=== Given information ===
^^^^^^^^^^^^^^^^
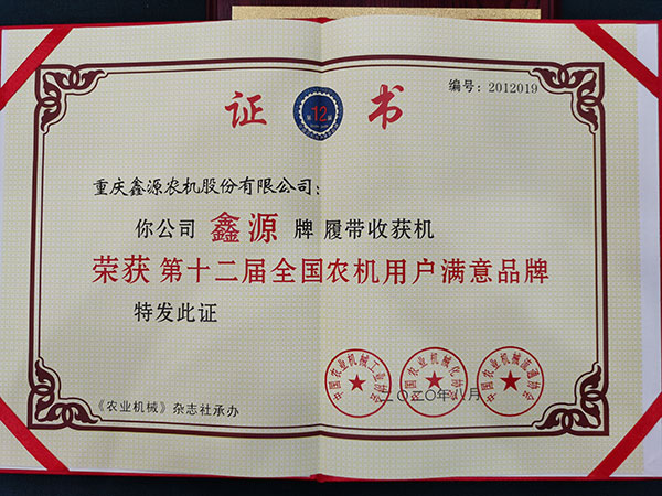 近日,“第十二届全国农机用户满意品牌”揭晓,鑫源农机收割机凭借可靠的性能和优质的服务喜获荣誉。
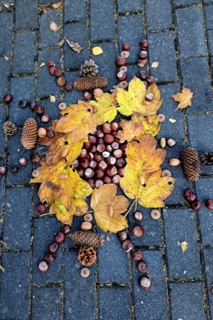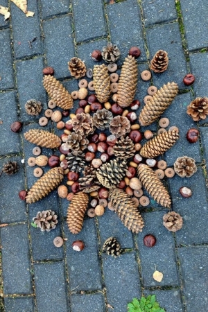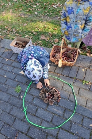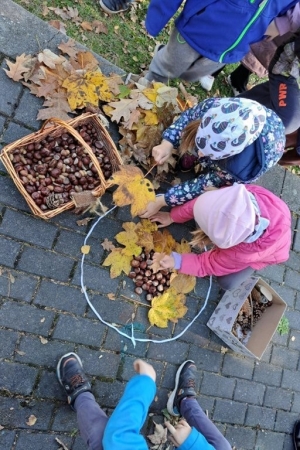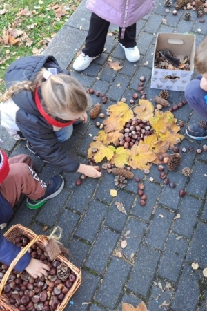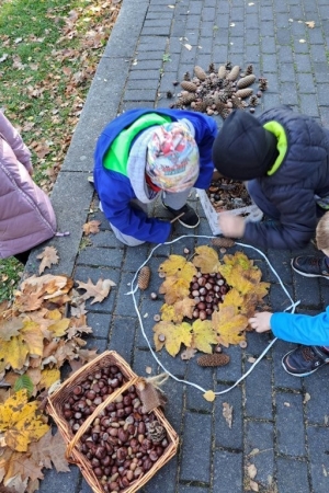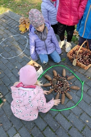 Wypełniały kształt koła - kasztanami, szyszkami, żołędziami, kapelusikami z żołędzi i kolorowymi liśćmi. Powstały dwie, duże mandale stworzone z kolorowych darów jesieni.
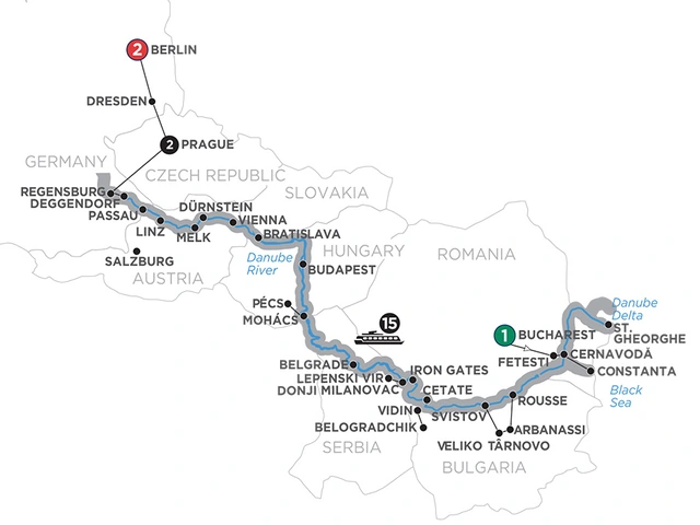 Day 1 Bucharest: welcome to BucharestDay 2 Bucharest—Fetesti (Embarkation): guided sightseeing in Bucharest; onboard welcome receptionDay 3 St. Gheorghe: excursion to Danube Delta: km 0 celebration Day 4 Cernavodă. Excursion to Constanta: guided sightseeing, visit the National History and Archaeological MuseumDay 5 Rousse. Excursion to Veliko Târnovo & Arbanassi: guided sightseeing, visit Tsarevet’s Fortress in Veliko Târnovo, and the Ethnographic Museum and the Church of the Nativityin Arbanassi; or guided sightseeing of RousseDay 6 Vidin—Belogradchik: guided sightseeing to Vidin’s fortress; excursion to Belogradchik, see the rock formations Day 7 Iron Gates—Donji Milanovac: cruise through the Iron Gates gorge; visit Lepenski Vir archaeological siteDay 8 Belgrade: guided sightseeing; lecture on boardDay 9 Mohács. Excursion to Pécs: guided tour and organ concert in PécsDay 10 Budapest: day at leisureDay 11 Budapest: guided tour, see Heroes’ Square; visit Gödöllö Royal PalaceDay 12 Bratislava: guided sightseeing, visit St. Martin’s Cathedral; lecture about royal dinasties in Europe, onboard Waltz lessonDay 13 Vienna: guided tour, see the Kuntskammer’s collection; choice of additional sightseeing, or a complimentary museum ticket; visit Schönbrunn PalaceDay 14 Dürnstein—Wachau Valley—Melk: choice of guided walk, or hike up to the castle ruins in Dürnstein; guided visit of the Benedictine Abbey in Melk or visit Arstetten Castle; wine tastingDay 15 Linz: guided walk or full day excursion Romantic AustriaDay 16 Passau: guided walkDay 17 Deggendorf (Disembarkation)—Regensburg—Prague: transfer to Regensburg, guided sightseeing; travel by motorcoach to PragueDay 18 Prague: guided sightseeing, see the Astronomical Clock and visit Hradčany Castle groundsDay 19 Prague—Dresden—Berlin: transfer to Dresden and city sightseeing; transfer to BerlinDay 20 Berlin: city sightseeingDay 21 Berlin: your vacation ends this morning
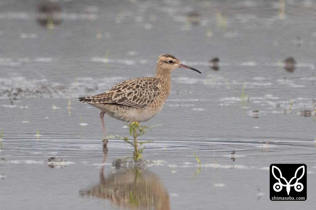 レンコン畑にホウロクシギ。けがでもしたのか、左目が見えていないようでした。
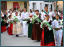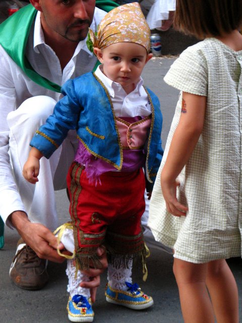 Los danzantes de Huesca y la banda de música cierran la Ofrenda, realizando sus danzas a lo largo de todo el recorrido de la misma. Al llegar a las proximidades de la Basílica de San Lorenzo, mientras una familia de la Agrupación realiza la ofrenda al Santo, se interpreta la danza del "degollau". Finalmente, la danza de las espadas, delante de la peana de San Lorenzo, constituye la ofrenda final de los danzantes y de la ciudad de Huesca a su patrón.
^^^^^^^^^^^^^^^^
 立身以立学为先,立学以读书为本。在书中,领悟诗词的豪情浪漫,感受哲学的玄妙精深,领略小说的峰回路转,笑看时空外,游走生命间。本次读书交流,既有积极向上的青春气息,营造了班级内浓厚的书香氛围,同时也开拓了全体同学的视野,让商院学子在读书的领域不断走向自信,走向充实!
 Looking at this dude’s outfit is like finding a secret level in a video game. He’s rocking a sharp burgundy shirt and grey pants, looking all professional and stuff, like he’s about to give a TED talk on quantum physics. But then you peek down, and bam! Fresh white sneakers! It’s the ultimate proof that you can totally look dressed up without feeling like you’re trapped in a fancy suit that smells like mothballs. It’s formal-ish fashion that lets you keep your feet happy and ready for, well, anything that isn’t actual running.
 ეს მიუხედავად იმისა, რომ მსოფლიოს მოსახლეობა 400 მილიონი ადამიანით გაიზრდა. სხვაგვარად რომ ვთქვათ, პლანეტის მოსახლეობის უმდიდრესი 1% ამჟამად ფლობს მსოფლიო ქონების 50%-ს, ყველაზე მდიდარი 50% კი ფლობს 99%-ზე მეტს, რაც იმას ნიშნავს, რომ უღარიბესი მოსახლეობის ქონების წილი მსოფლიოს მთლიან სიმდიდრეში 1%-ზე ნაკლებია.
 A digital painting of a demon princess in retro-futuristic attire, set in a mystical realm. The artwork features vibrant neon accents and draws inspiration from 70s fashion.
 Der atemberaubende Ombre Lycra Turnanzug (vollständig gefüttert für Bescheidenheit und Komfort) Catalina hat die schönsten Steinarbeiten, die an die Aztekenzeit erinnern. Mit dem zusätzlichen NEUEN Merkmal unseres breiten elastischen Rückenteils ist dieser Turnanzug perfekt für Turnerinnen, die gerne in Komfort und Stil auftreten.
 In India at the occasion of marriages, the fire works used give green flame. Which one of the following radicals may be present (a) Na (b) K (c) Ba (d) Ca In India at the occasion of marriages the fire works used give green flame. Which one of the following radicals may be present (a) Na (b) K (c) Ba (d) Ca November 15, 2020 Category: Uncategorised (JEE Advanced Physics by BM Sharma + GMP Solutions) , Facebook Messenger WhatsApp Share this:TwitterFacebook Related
^^^^^^^^^^^^^^^^
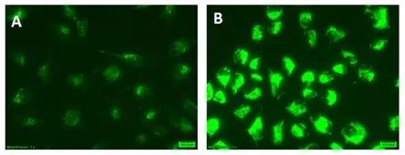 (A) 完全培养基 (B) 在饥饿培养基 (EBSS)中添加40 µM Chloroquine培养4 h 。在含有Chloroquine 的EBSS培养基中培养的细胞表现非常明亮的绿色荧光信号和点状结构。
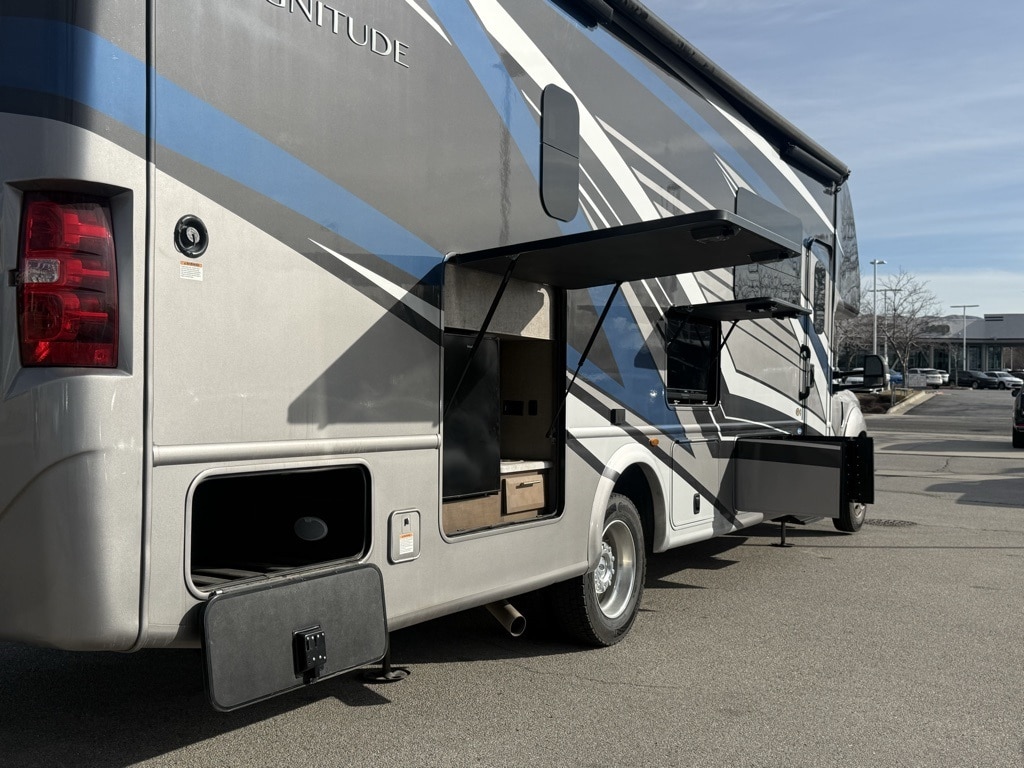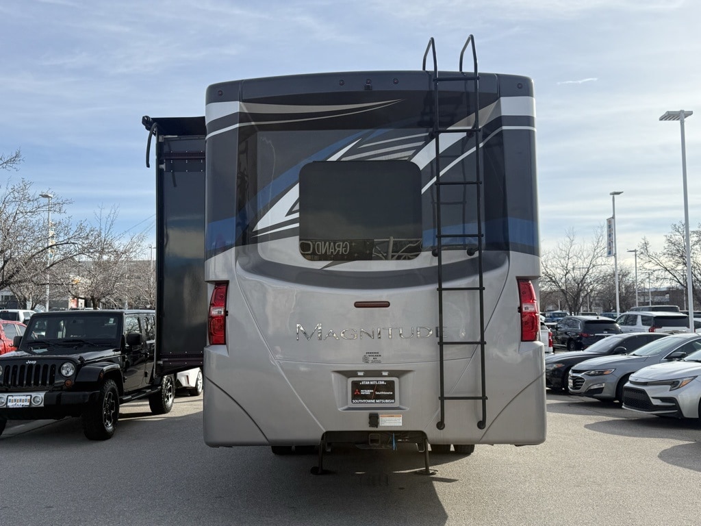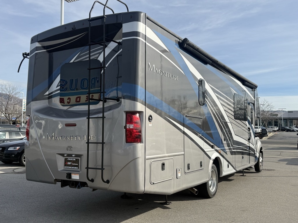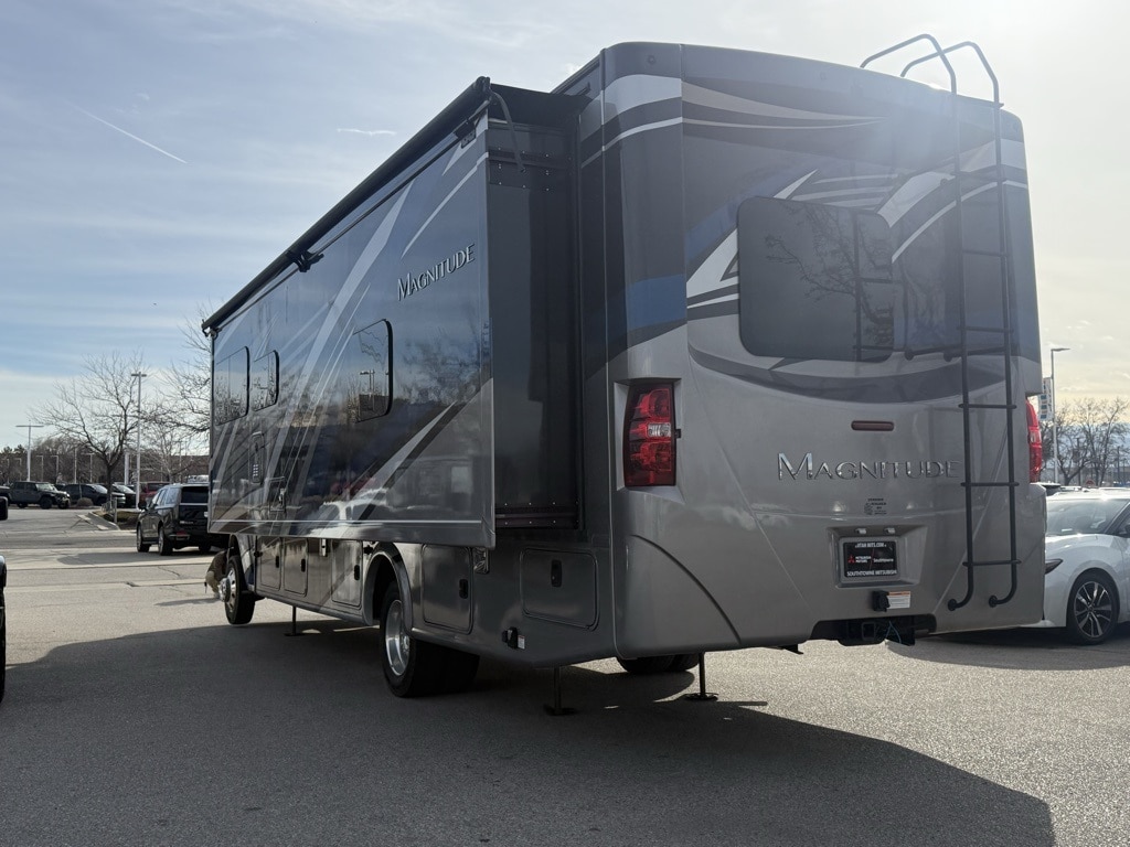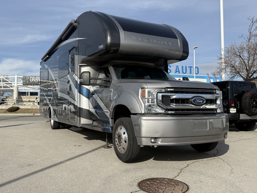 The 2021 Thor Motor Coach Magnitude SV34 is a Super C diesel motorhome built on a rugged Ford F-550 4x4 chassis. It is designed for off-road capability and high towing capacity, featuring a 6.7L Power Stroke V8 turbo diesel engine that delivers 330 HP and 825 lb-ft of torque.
^^^^^^^^^^^^^^^^
Using the records above, return verbatim only the part that opens with the line containing "Day 1 Bucharest: welcome" and closes with the line containing "レンコン畑にホウロクシギ。けがでもしたのか、左目が見えていないようでした。"; pictures stay out.

=== Response to the exercise ===
 Day 1 Bucharest: welcome to BucharestDay 2 Bucharest—Fetesti (Embarkation): guided sightseeing in Bucharest; onboard welcome receptionDay 3 St. Gheorghe: excursion to Danube Delta: km 0 celebration Day 4 Cernavodă. Excursion to Constanta: guided sightseeing, visit the National History and Archaeological MuseumDay 5 Rousse. Excursion to Veliko Târnovo & Arbanassi: guided sightseeing, visit Tsarevet’s Fortress in Veliko Târnovo, and the Ethnographic Museum and the Church of the Nativityin Arbanassi; or guided sightseeing of RousseDay 6 Vidin—Belogradchik: guided sightseeing to Vidin’s fortress; excursion to Belogradchik, see the rock formations Day 7 Iron Gates—Donji Milanovac: cruise through the Iron Gates gorge; visit Lepenski Vir archaeological siteDay 8 Belgrade: guided sightseeing; lecture on boardDay 9 Mohács. Excursion to Pécs: guided tour and organ concert in PécsDay 10 Budapest: day at leisureDay 11 Budapest: guided tour, see Heroes’ Square; visit Gödöllö Royal PalaceDay 12 Bratislava: guided sightseeing, visit St. Martin’s Cathedral; lecture about royal dinasties in Europe, onboard Waltz lessonDay 13 Vienna: guided tour, see the Kuntskammer’s collection; choice of additional sightseeing, or a complimentary museum ticket; visit Schönbrunn PalaceDay 14 Dürnstein—Wachau Valley—Melk: choice of guided walk, or hike up to the castle ruins in Dürnstein; guided visit of the Benedictine Abbey in Melk or visit Arstetten Castle; wine tastingDay 15 Linz: guided walk or full day excursion Romantic AustriaDay 16 Passau: guided walkDay 17 Deggendorf (Disembarkation)—Regensburg—Prague: transfer to Regensburg, guided sightseeing; travel by motorcoach to PragueDay 18 Prague: guided sightseeing, see the Astronomical Clock and visit Hradčany Castle groundsDay 19 Prague—Dresden—Berlin: transfer to Dresden and city sightseeing; transfer to BerlinDay 20 Berlin: city sightseeingDay 21 Berlin: your vacation ends this morning
 レンコン畑にホウロクシギ。けがでもしたのか、左目が見えていないようでした。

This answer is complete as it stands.